"""

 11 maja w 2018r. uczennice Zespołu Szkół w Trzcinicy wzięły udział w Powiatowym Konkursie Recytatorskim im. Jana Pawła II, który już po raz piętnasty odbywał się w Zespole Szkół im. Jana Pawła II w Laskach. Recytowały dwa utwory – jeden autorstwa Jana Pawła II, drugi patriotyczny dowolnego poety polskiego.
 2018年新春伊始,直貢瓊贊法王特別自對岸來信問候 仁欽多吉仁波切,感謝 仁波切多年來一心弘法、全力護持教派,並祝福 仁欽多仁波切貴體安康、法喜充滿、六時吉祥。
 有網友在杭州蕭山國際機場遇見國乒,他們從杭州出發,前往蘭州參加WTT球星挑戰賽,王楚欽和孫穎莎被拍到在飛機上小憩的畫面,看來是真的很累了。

"""
"""

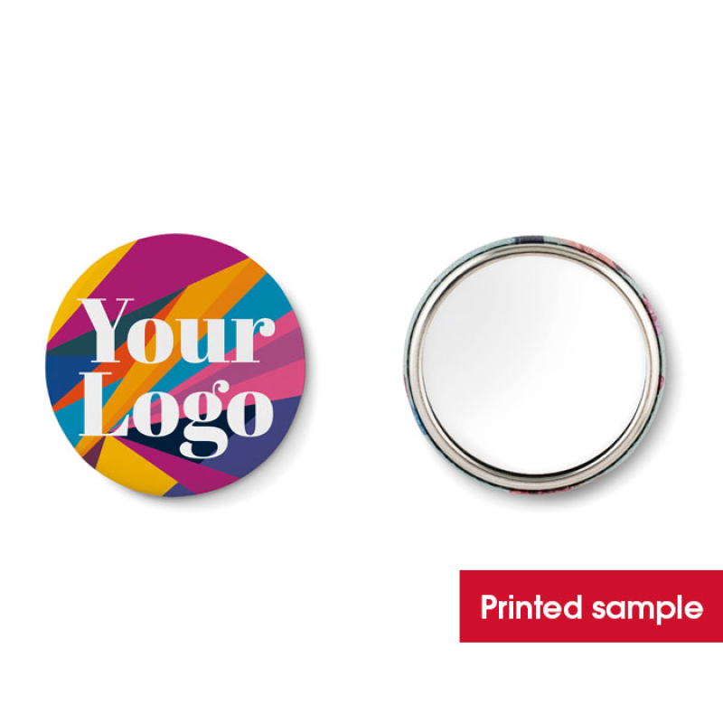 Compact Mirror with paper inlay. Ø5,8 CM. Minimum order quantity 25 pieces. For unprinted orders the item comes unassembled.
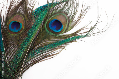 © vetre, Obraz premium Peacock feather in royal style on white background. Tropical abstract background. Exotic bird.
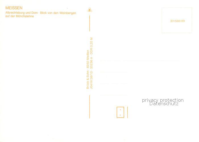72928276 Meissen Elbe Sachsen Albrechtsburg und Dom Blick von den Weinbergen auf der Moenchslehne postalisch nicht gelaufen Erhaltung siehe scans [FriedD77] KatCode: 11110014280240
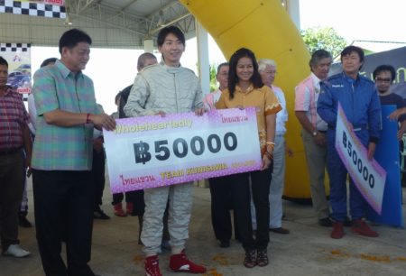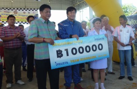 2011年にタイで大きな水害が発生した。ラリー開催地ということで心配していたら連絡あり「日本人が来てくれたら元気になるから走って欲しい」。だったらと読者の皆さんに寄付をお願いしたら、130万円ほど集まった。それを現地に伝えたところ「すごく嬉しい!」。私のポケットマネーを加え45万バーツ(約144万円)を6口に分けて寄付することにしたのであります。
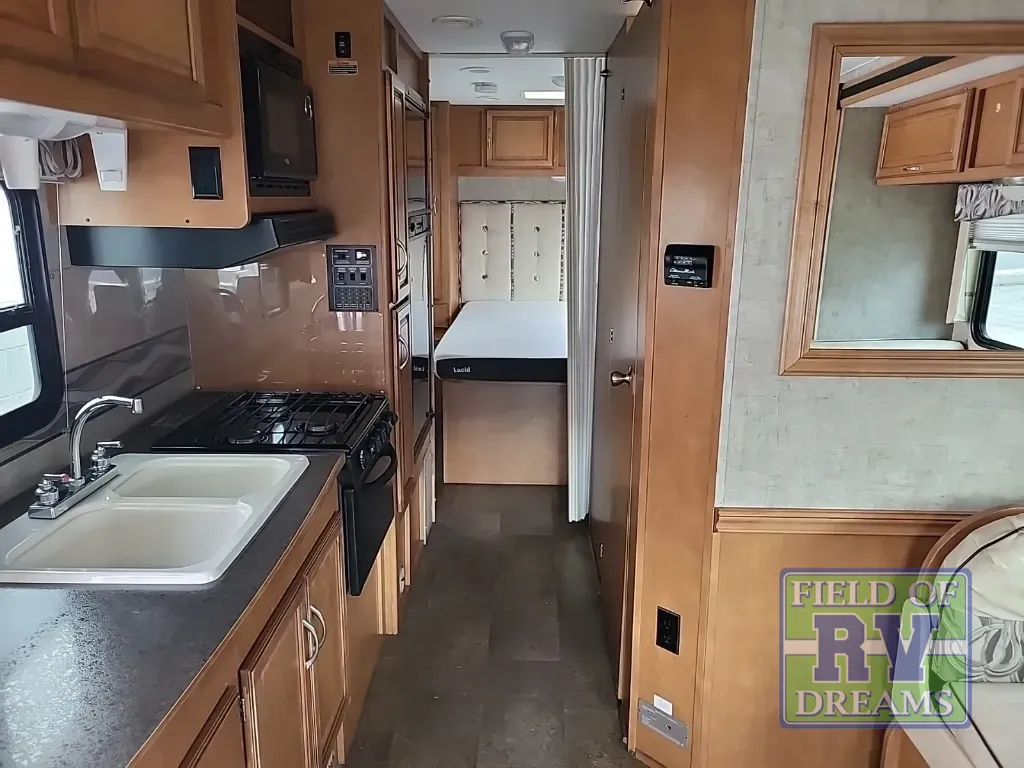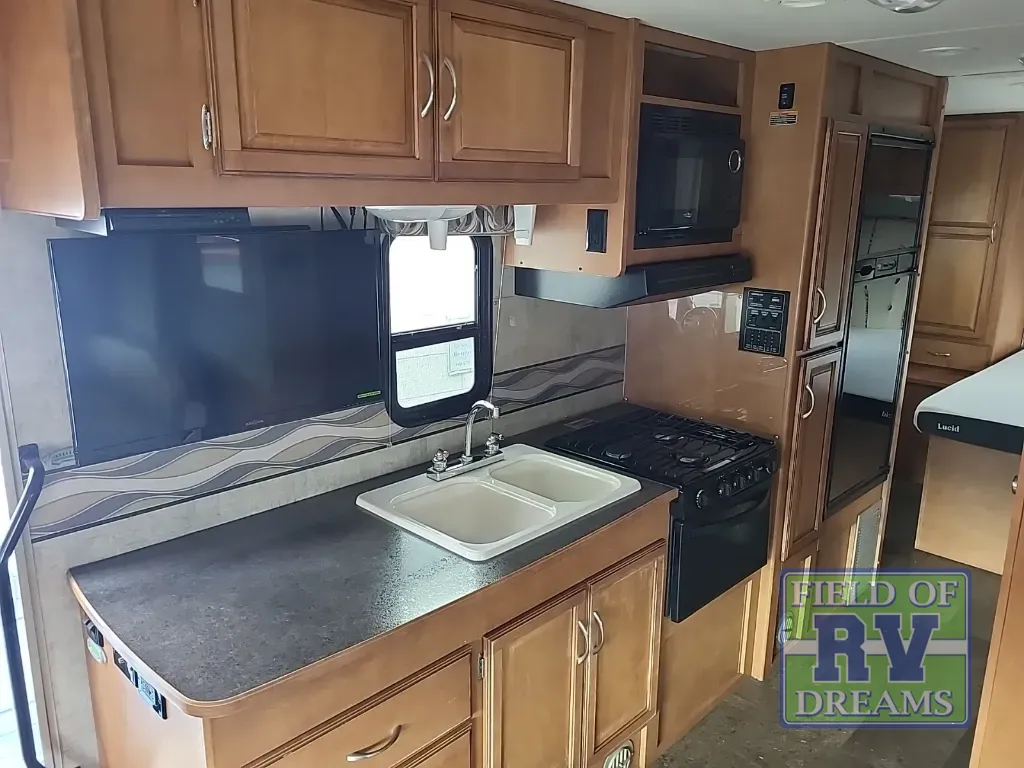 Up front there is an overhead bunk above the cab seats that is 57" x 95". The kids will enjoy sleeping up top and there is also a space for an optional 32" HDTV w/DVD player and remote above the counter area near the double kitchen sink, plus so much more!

"""

- **Assignment**
From the records above, output only the lines starting at the one containing "background. Exotic bird." and ending at the one containing "2011年にタイで大きな水害", word for word. Pictures stay out.

- **Answer to this task**
 © vetre, Obraz premium Peacock feather in royal style on white background. Tropical abstract background. Exotic bird.
72928276 Meissen Elbe Sachsen Albrechtsburg und Dom Blick von den Weinbergen auf der Moenchslehne postalisch nicht gelaufen Erhaltung siehe scans [FriedD77] KatCode: 11110014280240
 2011年にタイで大きな水害が発生した。ラリー開催地ということで心配していたら連絡あり「日本人が来てくれたら元気になるから走って欲しい」。だったらと読者の皆さんに寄付をお願いしたら、130万円ほど集まった。それを現地に伝えたところ「すごく嬉しい!」。私のポケットマネーを加え45万バーツ(約144万円)を6口に分けて寄付することにしたのであります。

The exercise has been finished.